Gérard touched the bandages on his rib cage and pushed out a dry, humorless laugh. “That’s easy to say when it isn’t your blood.”
CHAPTER 8
Alex had turned off her cell phone in Gérard’s hotel room, and now discovered she had five new messages waiting for her — two texts and three voice mails.
All from Jason McElroy.
Given that it was the middle of the night, she was tempted to call him right then and hang up once she knew she’d awakened him, but the prudent course was to continue ignoring him. Whatever the asshole was hot to talk about could wait until she was back in civilization.
She wasn’t being obstinate. Well, maybe she was, but when it came down to it, she got no joy from working for the guy. It was a relationship of convenience and little else, and after the mix-up in Istanbul, she wasn’t anxious to hear what he had to say.
Stonewell International was a large, highly respected, multinational security firm that, among other things, specialized in black ops fugitive retrieval. If you wanted someone found and wanted it done off the grid, Stonewell was first on your list. As long as you could afford the fee, of course.
Last year, McElroy had gone to great lengths to bring Alex into the fold. He had only succeeded because he’d had information she wanted: the identity and location of someone who’d had recent personal contact with her father. Someone who might know his whereabouts.
Nearly a dozen years ago, her dear old dad, Colonel Francis Edward Poe, had been branded a traitor by the US government for reasons that had never been clear. Most of his file was classified, and Alex’s attempts over the years to dig up the truth had resulted in a big fat zero. But she knew one thing for sure: her father was not a traitor. She didn’t argue that he had changed after her mother’s death, but he had always been a good soldier, and betraying his country was simply not in his DNA.

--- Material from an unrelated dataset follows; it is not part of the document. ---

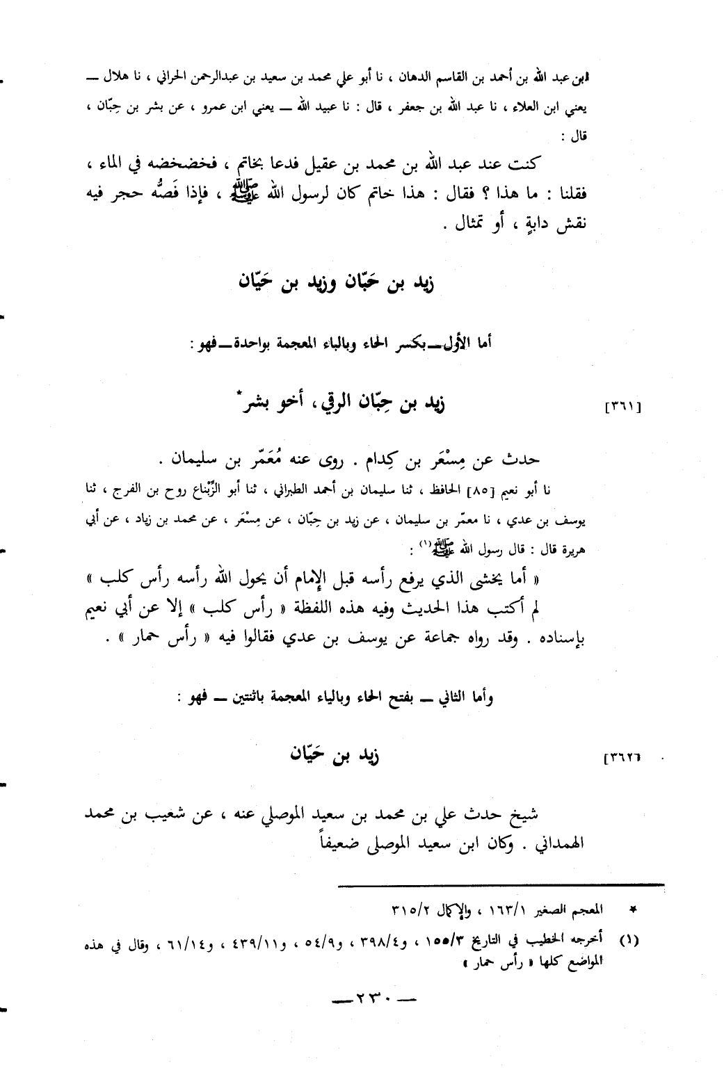 نَا أَبُو نُعَيْمٍ الْحَافِظُ، ثَنَا سُلَيْمَانُ بْنُ أَحْمَدَ الطَّبَرَانِيُّ، ثَنَا أَبُو الزِّنْبَاعِ رَوْحُ بْنُ الْفَرَجِ، ثَنَا يُوسُفُ بْنُ عَدِيٍّ، نَا مُعَمَّرُ بْنُ سُلَيْمَانَ، عَنْ زَيْدِ بْنِ حِبَّانَ، عَنْ مِسْعَرٍ، عَنْ مُحَمَّدِ بْنِ زِيَادٍ، عَنْ أَبُي هُرَيْرَةَ، قَالَ: قَالَ رَسُولُ اللَّهِ صَلَّى اللَّهُ عَلَيْهِ وَسَلَّمَ: «أَمَا يَخْشَى الَّذِي يَرْفَعُ رَأْسَهُ قَبْلَ الإِمَامِ أَنْ يُحَوِّلَ اللَّهُ رَأْسَهُ إِلَى رَأْسِ كَلْبٍ»، لَمْ أَكْتُبْ هَذَا الْحَدِيثَ وَفِيهِ هَذِهِ اللَّفْظَةُ «رَأْسُ كَلْبٍ» إِلا عَنْ أَبِي نُعَيْمٍ بِإِسْنَادِهِ، وَقَدْ رَوَاهُ جَمَاعَةٌ عَنْ يُوسُفَ بْنِ عَدِيٍّ فَقَالُوا فِيهِ «رَأْسُ حِمَارٍ»

Alex had all but given up trying to find him when McElroy approached her. His scheme was simple. He wanted Alex to bag a known terrorist who was temporarily being held under an assumed name at a woman’s prison in Crimea. All Alex had to do was pose as an inmate, gain the woman’s confidence, and break her out of the place — a task that had proven difficult but not impossible.
Unfortunately, the end result had not been a rendezvous with her father, as Alex had hoped, and the only thing that kept her working for Stonewell was McElroy’s promise that she had full use of the firm’s data network to aid her in correcting that result.
But Alex was no longer the naive eighteen-year-old who had joined the army in hopes of finding the old man. She knew Frank Poe was a considerable prize that someone like McElroy could use to help feather his cap, so she had no illusions about her and her boss’s relationship. He was exploiting it as much as she was, and would use whatever information she managed to uncover to find Frank Poe for himself.
All she had to do was beat him to it.
Shortly after three a.m., Alex pulled her rental car into the carport under the Shimmy Shack, still feeling the sting of her impulsiveness. She couldn’t deny the sex had been good, but her ability to fall into bed with a guy she’d known for less than three hours left her worried about her sense of self-preservation.